8:43 pm on Nov 28, 2007 (gmt 0)

WebmasterWorld Senior Member

10+ Year Member

Hello kvegas, and welcome to the forums.

Robots.txt is a standalone file called, naturally enough, robots.txt. It is placed in the root directory of the domain and tells spiders where they should not index. So yes, if you intentionally create duplicate or near duplicate pages for marketing purposes, it's a good idea to only allow one version to be indexed.

While a full discussion of robots.txt syntax is better suited for our robots.txt forum [webmasterworld.com], you don't need to disallow the entire site. You can build rules in robots.txt that will disallow only one directory or even only one url. Takeing even further, Google supports pattern matching wild card rules, too, even though wild cards are not currently part of the robots.txt standard. In your Webmaster Tools account, Google offers tools to help you validate your robots.txt file and make sure that your rules actually do what you intend.

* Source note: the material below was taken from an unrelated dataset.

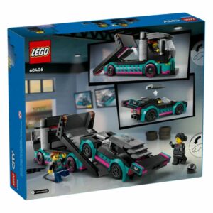 - Toy car transporter – Fans of race cars and trucks can enjoy hours of play with this LEGO® City Race Car and Car Carrier Truck building set for ages 6 and up
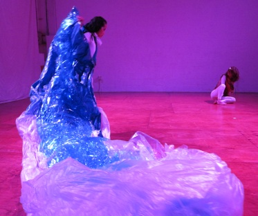 "Sloshing and banging sounds are supplanted by squeaks, deep breathing, windy wails and a haunting dark melody line, reminiscent of Twin Peaks. Sounds emanate from various sources, including the costume's wig, as the tethered performers advance toward the bare dance floor. " George Fishman

There's also another way to restrict indexing of any given page - use a robots meta tag in the url's <head>.

g1smd

1:24 am on Nov 30, 2007 (gmt 0)

WebmasterWorld Senior Member

10+ Year Member

Top Contributors Of The Month

There is some thinking that using robots.txt might not be the best way to handle the duplicate content issue, because the URLs that are blocked from spidering can still acquire PR from inbound links pointing to that URL, and that that PR is therefore "wasted".

There is also the issue of "dangling URLs". I have been mulling these issues for a little while, but several bloggers have now published some very convincing articles in recent weeks on this subject.

g1smd

1:31 am on Nov 30, 2007 (gmt 0)

WebmasterWorld Senior Member

10+ Year Member

Top Contributors Of The Month

Disallow: /

This disallows any URL that starts with "/" and therefore disallows every URL on the entire site.